Archie searches for filenames or directory names at anonymous FTP sites that contain the word you specify. The Windows Archie client program included with this book includes a nice GUI and is preloaded with a list of archie servers. Archie can also be invoked from a Web browser, a Gopher menu, or even through e-mail if you know the e-mail address of an archie server.

Veronica

This stands for Very Easy Rodent-Oriented Net-wide Index to Computerized Archives. Whew! Veronica is usually run from a Gopher menu. You give it a word to search for, and it will come back with a list of Gopher menu items that contain that word. You can also search more specifically for directory names or filenames.

WAIS

This name stands for Wide Area Information Server. WAIS clients conduct searches of databases that are indexes of files contained on the server. Webmasters use WAIS to make their Web sites searchable by keyword. We will cover this topic more fully in Chapter 19, "Databases and the Web."

As you are probably aware, the Web is a great way to find things on the Internet. This is becoming even more true as the number of sites using WAIS and the number of dedicated search sites increases. For more information about Web search pages, see the section later in this chapter titled "How Can I Learn More About the Internet?"

What Is the Difference Between SLIP and PPP?

SLIP, which stands for Serial Line Internet Protocol, was invented in the early 1980s to transmit packets over a serial interface, such as a modem. It was designed for simplicity and efficiency. SLIP's lack of error-checking and flow control led to the recent development of PPP, which is a more robust protocol.

PPP stands for Point-to-Point Protocol. Among other things, PPP includes authentication, error-checking, and flow control. These features enable PPP to deliver link-layer functionality similar to that found in an Ethernet LAN. When you have a choice, PPP is the preferred way to go. Windows 95 Dial-Up Networking supports both SLIP and PPP.
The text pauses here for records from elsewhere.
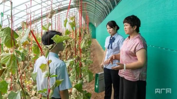 邮储银行武山县支行客户经理查看新式冬暖大棚种植情况(央广网发 邮储银行甘肃省分行供图)
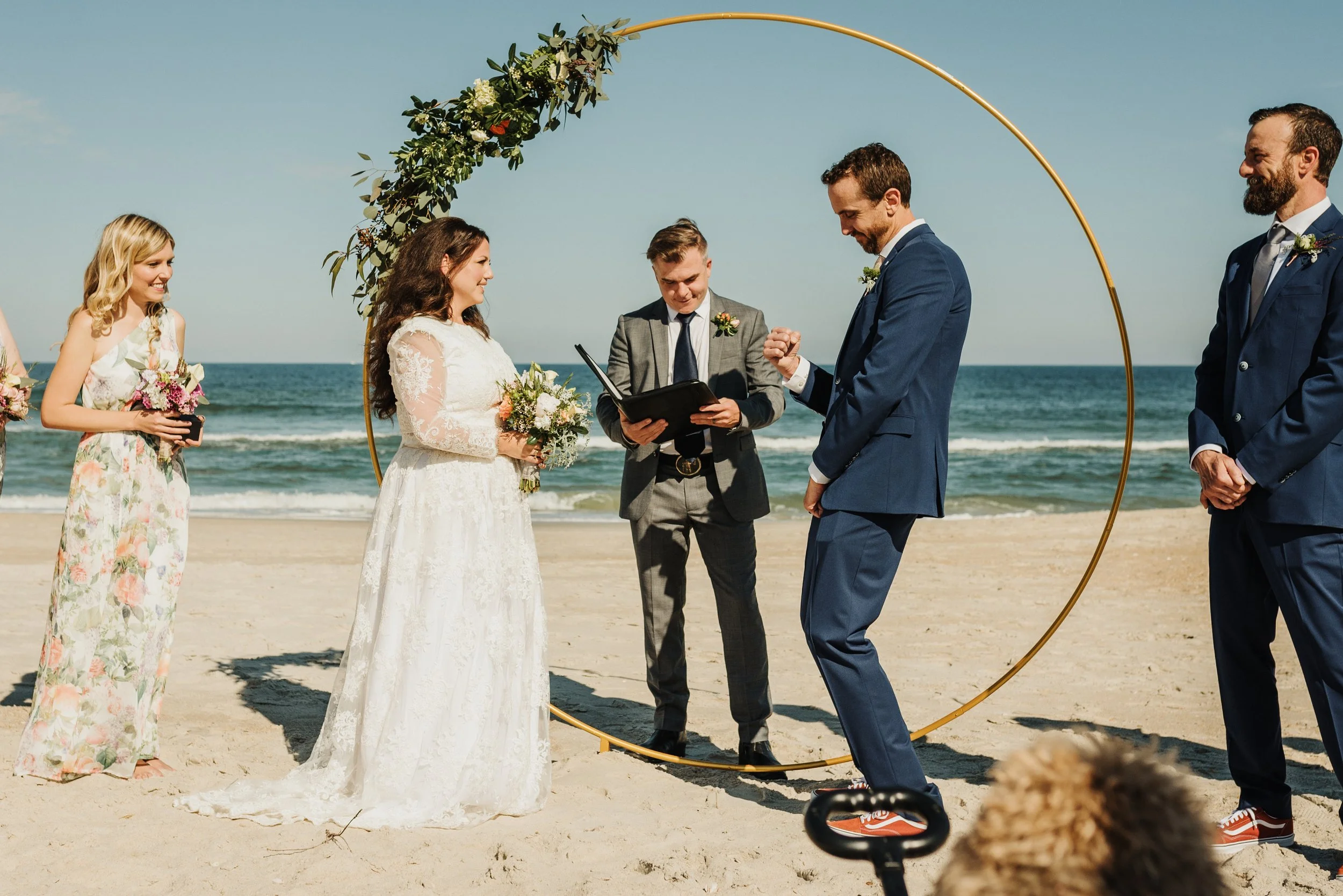 A beach wedding ceremony with a bride in a white dress, groom in a blue suit, officiant, bridesmaid, and groomsman standing under a round floral arch by the ocean. View fullsize
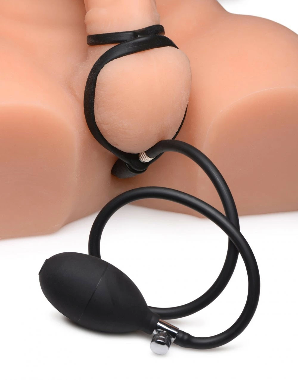 Keywords: anal plug, silicone, inflatable, cock and ball rings, hand pump, customizable, rattling balls, erection enhancement, anal toy
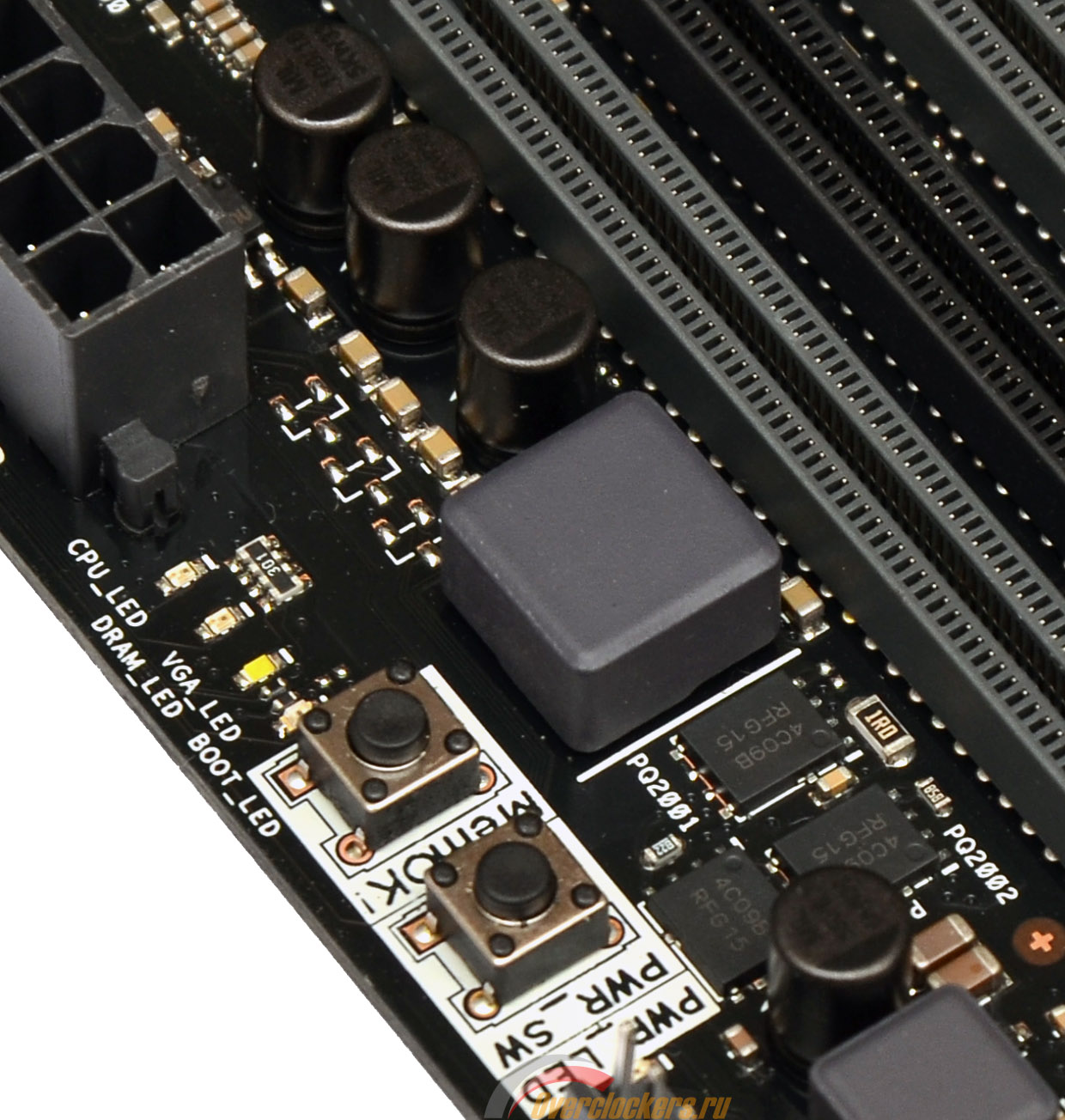 Недалеко от разъемов оперативной памяти нашлось место для пары кнопок:
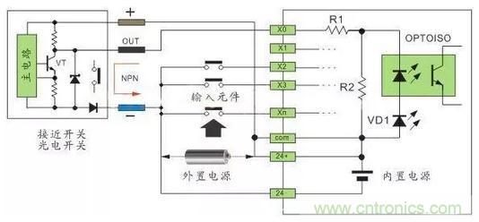 SINK漏型為電流從輸入端流出,那么輸入端與電源負極相連即可,說明接口內(nèi)部的光電耦合器為單端共點為電源正極,可接NPN型傳感器。
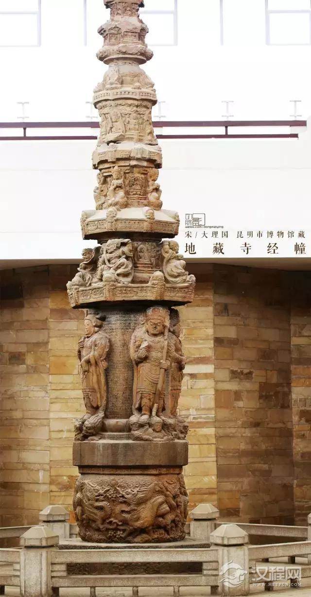 大理国经幢,又名“地藏寺经幢”。经幢造型优美,雕刻技术精湛,具有密宗佛教造像的特点,被誉为“滇中艺术极品”。
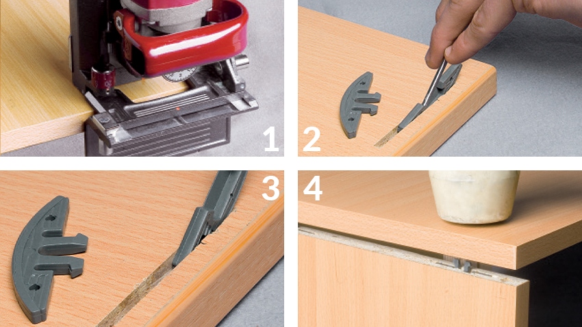 Важно! Для изготовления гнезд понадобится обычный станок для ламелей с фрезой 4 мм — можно использовать, например, фрезерные станки Classic X или Zeta P2 Lamello. Поместите разъем в то же гнездо, что и планки № 20.

By the way, SLIP and PPP are referred to as line protocols because they are concerned with the reliability of the network circuit, whereas TCP and IP are referred to as data protocols because they are designed for the purpose of application data transfer. The line protocols operate at level 2 in the OSI model, and the data protocols operate at levels 3 and 4.

Which Is Right for Me: Switched-56, X.25, Frame Relay, ISDN, T1, T3, or ATM?

Before explaining each of these services separately, we'll start by laying the foundation for all of them. Other than the analog phone lines used by modems and dedicated digital lines, such as T1 (see below), there are three kinds of switching services offered by the phone companies for computer networks:

The term switching means that you don't own or lease a dedicated line, although you do pay for the availability of a certain minimum bandwidth. Switching technology is available thanks to high-speed computers and very sophisticated software developed by the phone companies. Because the bandwidth or resource unit is constantly switched from one customer to another based on demand, the cost to each individual is significantly reduced. Switching is similar to time-sharing.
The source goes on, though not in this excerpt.